Kenya's treasury recently acknowledged the country's high risk of external debt distress due to foreign currency obligations outpacing income from abroad. Eric Musau, Head of Research at the Standard Investment Bank, shed light on this concerning development during an interview with CNBC Africa. The issue of mounting debt in Kenya has been a topic of public concern for some time now, particularly following the recent increase in the debt ceiling. The economic landscape has been further complicated by the impact of the ongoing coronavirus pandemic, which has significantly hampered government revenue generation. Measures such as reducing VAT and corporate taxes have been implemented to alleviate the economic strain caused by the pandemic, with revenue collection experiencing a sharp decline of 10% in August alone.

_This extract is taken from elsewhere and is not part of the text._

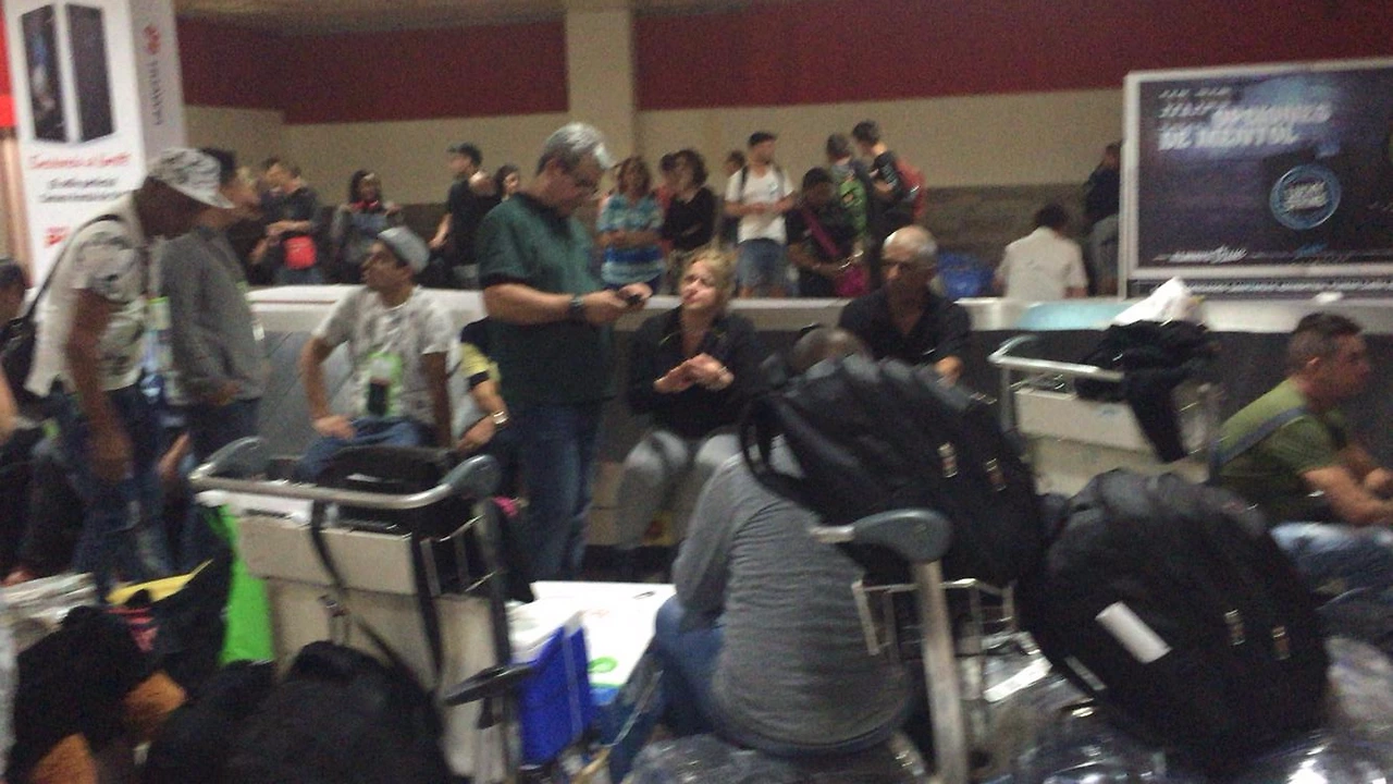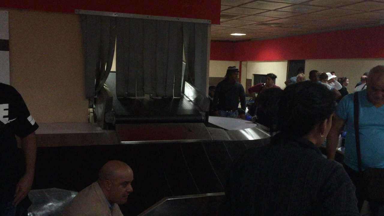# 수화물 찾는 곳에서 짐을 기다리는데, 갑자기 공항 안의 불이 꺼지며 기계도 멈췄다.

Despite these challenges, Kenya's debt-to-GDP ratio has historically hovered around 7 to 8%, which although still within manageable levels, has raised apprehensions about the country's financial stability. The escalating debt service costs, surpassing the 21% threshold highlighted by the International Monetary Fund, could potentially downgrade Kenya's credit rating to junk status, further exacerbating the debt crisis.
Musau emphasized the necessity for Kenya to explore alternative funding sources for infrastructure projects, shifting away from sole reliance on government financing towards private sector investment and innovative financing models like toll roads. While certain sectors like floriculture and the emerging avocado and macadamia industries have displayed resilience, others such as aviation and tourism have been severely impacted and may face a prolonged recovery period.
Despite the economic challenges, Kenya's export position remains relatively stable compared to other African economies, with diversified agricultural products contributing to a semblance of economic buoyancy. The nation's expected 2.5% GDP growth, albeit modest, positions it favorably in comparison to regional powerhouses like South Africa and Nigeria, both grappling with more substantial economic setbacks. The dip in oil demand has provided some relief by reducing import costs, offering a silver lining amidst the prevailing economic uncertainties.